Show that m varies with v in theory of relativity

[Feodalherren]

Am I supposed to take dm/dv? That means m0 is constant, correct?

If I do that I end up getting a m' on the Left hand side... What the heck does that mean?! Also where the crap is the "a" coming from?!

 

[rude man]

Consider: F = d/dt (p) = m dv/dt + v dm/dt = m a + v dm/dt
Now introduce your idea of taking dm/dv in coming up with dm/dt as a function of a and dm/dv.

Warning: I have not succeeded myself in deriving this result. And I know it's correct, dadblame it!
Somebdy - help!

 

[rude man]

Am I supposed to take dm/dv?

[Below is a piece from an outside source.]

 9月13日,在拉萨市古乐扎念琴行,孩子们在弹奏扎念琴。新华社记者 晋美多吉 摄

That means m0 is constant, correct?

If I do that I end up getting a m' on the Left hand side... What the heck does that mean?! Also where the crap is the "a" coming from?!

a = dv/dt.

 

[tms]

That means m0 is constant, correct?

Correct.

If I do that I end up getting a m' on the Left hand side... What the heck does that mean?!

Since there is no $m'$ in the problem, the $m'$ means whatever you said it meant when you wrote it down.

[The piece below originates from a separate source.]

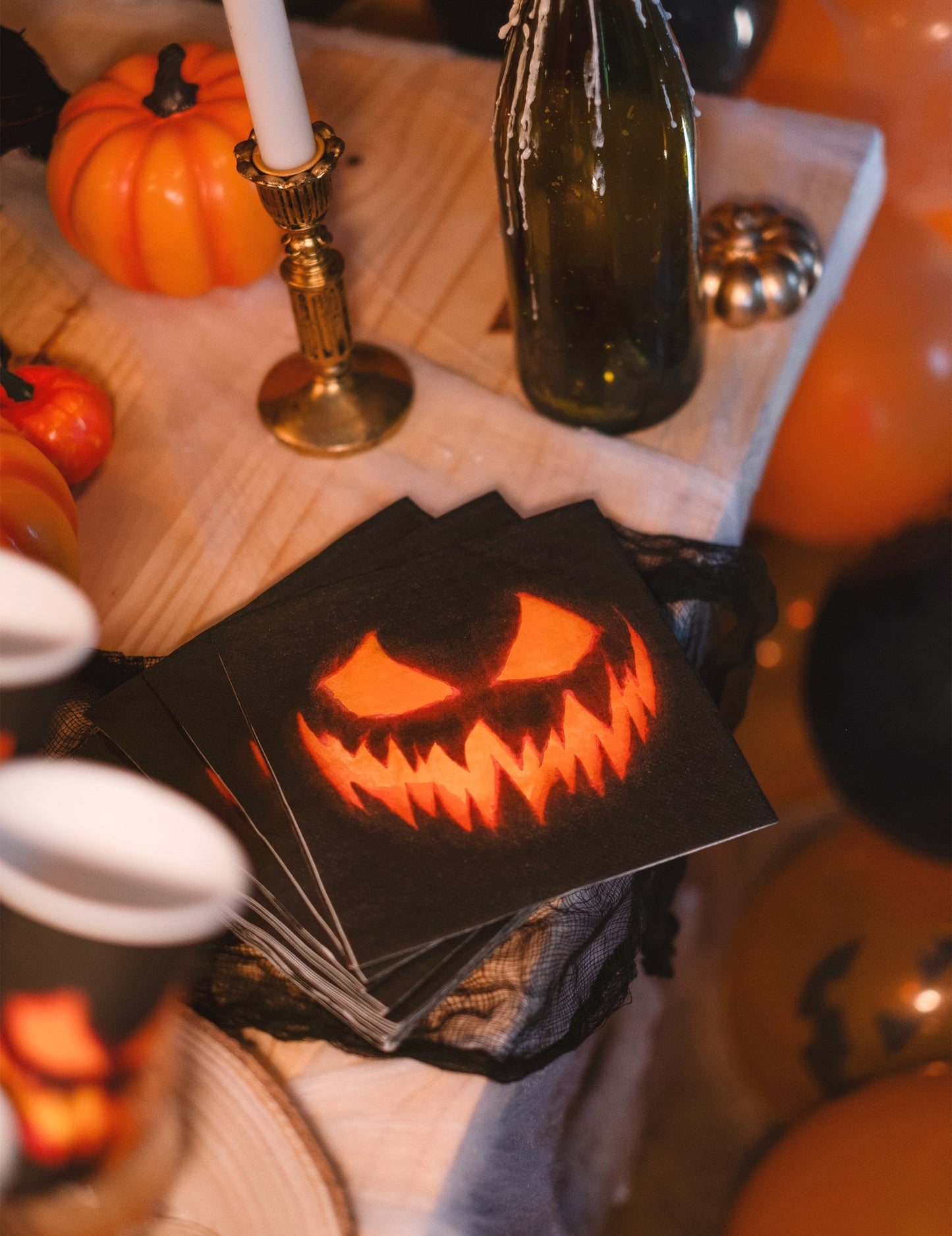 Ovaj se paket sastoji od 12 zastrašujućih papirnatih ručnika od bundeve. Presavijeni, mjere otprilike 16,5 x 16,5 cm. I jednom neugodno 33 x 33 cm. Ručnici su crni. Ukrašeni su slikom grozne bundeve koja ima demonski osmijeh. Ovi zastrašujući ručnici od bundeve savršeni su za dovršavanje vašeg uređenja stola tijekom Noći vještica.

Also where the crap is the "a" coming from?!

Read the problem again.

You'll also get a better response if you control your frustration and avoid even mild profanities here.

 

[tms]

Consider: F = d/dt (p) = m dv/dt + v dm/dt = m a + v dm/dt
Now introduce your idea of taking dm/dv in coming up with dm/dt as a function of a and dm/dv.

Warning: I have not succeeded myself in deriving this result. And I know it's correct, dadblame it!
Somebdy - help!

It does work.

 

[rude man]

It does work.

Yeah, I know it has to, I just could not get the result.

 

[TSny]

I think the problem should have stated that the force is assumed to act parallel to the velocity. Perhaps that was meant to be evident by the lack of vector notation. But, anyway, it's worth noting that if the force does not act parallel to the velocity, then you will get a different result for the relationship between the force and acceleration. (In fact, the acceleration is generally not even in the same direction as the force).

 

[Feodalherren]

I'm still not getting it right. There must be something I'm missing.

The constants are m0 and c, correct?

when I do d/dv I end up with [ -2m0vc^(-2) ] / (1-(v^2/c^2))^3/2

 

[ehild]

F=d(mv)/dt.

dm/dt=dm/dv dv/dt = a dm/dv .

Your formula for dm/dv is not correct. The first "2" should be 1/2.

ehild